As discussed in the case studies [35,58], adversarial attacks that manipulate LLMs into producing false or misleading information pose significant risks involving the spread of misinformation. The ability to craft adversarial prompts that generate toxic or inaccurate content can be exploited by malicious actors to shape public discourse, particularly in contexts such as political campaigns, social media, and even news. For instance, an adversary can use these techniques to spread false narratives, mislead users, and undermine trust in information systems. As LLM outputs appear to be coherent and trustworthy, distinguishing between genuine information and manipulated content becomes increasingly difficult for end users, contributing to broader erosion of factual integrity in public discourse.

5.7. Bias Amplification

Manipulation of LLMs through adversarial prompts can exacerbate pre-existing biases in these models, leading to the amplification of harmful stereotypes or discriminatory content. Because LLMs are often trained on large datasets that may contain biased data, adversarial inputs can exploit these underlying biases and magnify their effects. This is particularly concerning in sensitive applications such as hiring processes, healthcare, and legal systems, where biased outputs could reinforce inequities or perpetuate discrimination. Research such as [64] has underscored the ease with which adversarial techniques can exploit LLM alignment mechanisms, causing them to produce outputs that appear normative but are skewed by embedded biases. The societal impact of this can be severe, reinforcing harmful ideologies and unjust practices in critical sectors.

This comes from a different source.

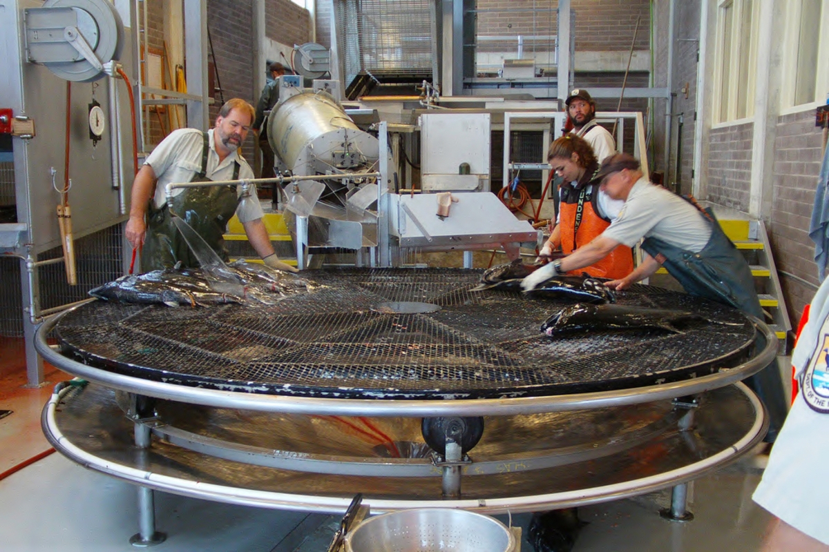 Male and female Chinook salmon are separated prior to spawning. Image taken from USFWS Pacific Region Flickr page.
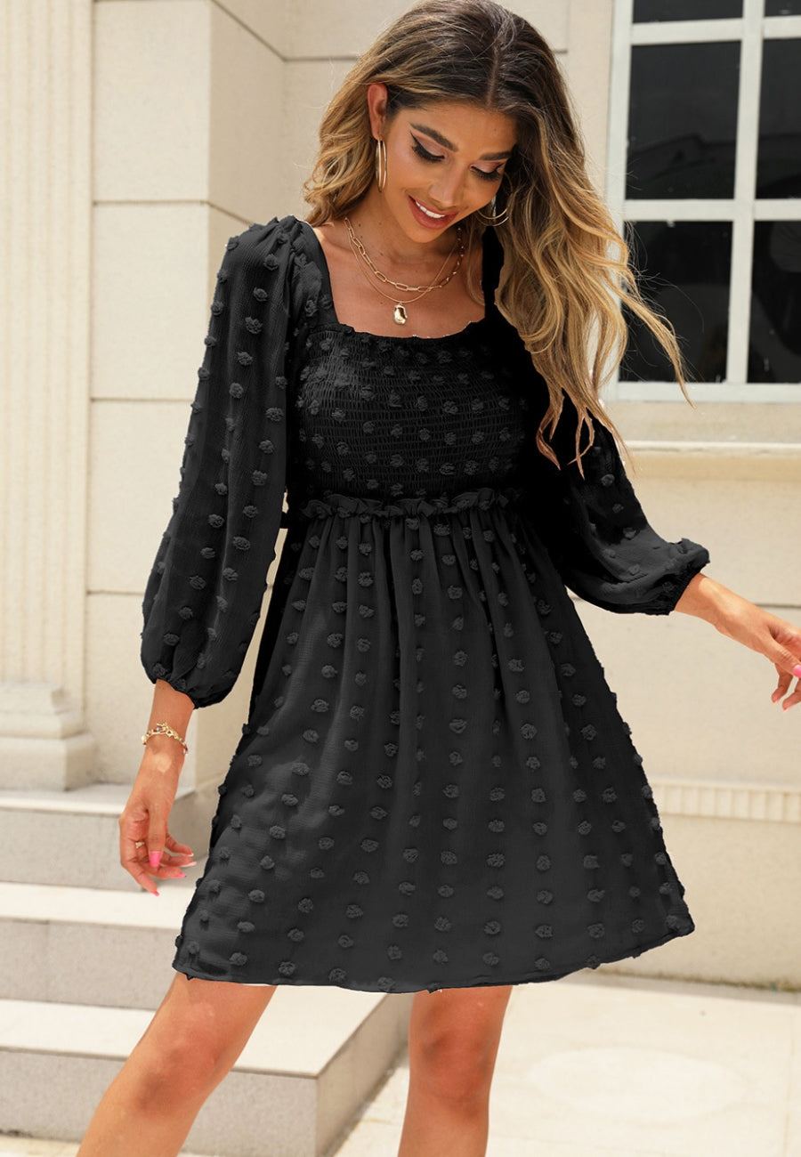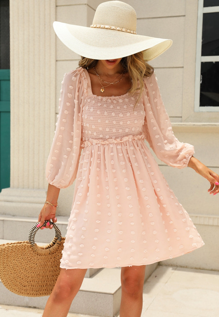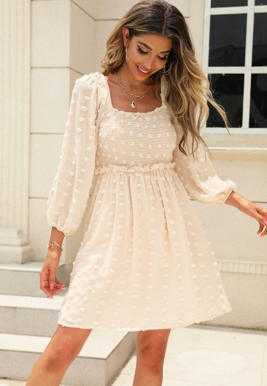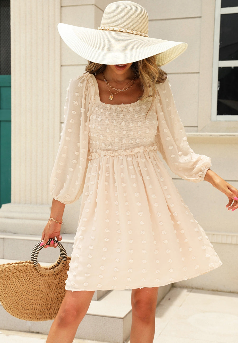 El vestido Anna-Kaci tiene un escote cuadrado clásico. Tiene un diseño de lunares con pinzas, corpiño fruncido, mangas tres cuartos, falda vaporosa y largo por encima de la rodilla. Combínalo con un collar y sandalias para lograr un look lindo.

5.8. Disruption of Critical Services

Adversarial inputs can also compromise the availability and integrity of LLM-powered systems in critical sectors such as healthcare, finance, and infrastructure management. As noted by [66], adversarial attacks targeting mathematical reasoning can disrupt the problem-solving capabilities of LLMs, potentially leading to incorrect decisions in domains that require high precision, such as financial markets and engineering systems. Additionally, research into output prefix attacks and jailbreaking techniques has highlighted how adversarial inputs can degrade LLM performance, causing models to produce nonsensical outputs or halting responses altogether [62]. In sectors such as healthcare, where LLMs may be deployed in diagnostic tools or patient management systems, such disruptions can lead to dangerous consequences, including delayed treatments or incorrect diagnoses. Thus, the reliability of critical services becomes a significant concern when LLMs are vulnerable to adversarial manipulation.
The examples discussed in the previous sections demonstrate that adversarial attacks on LLMs have far-reaching implications for society. From the proliferation of misinformation and bias to the disruption of essential services, these vulnerabilities pose serious risks to social, economic, and political systems. As LLMs become more integrated into everyday applications, there is an urgent need for enhanced security measures, ethical guidelines, and regulatory frameworks that can mitigate these risks and ensure that LLMs contribute positively to society rather than becoming tools for harm.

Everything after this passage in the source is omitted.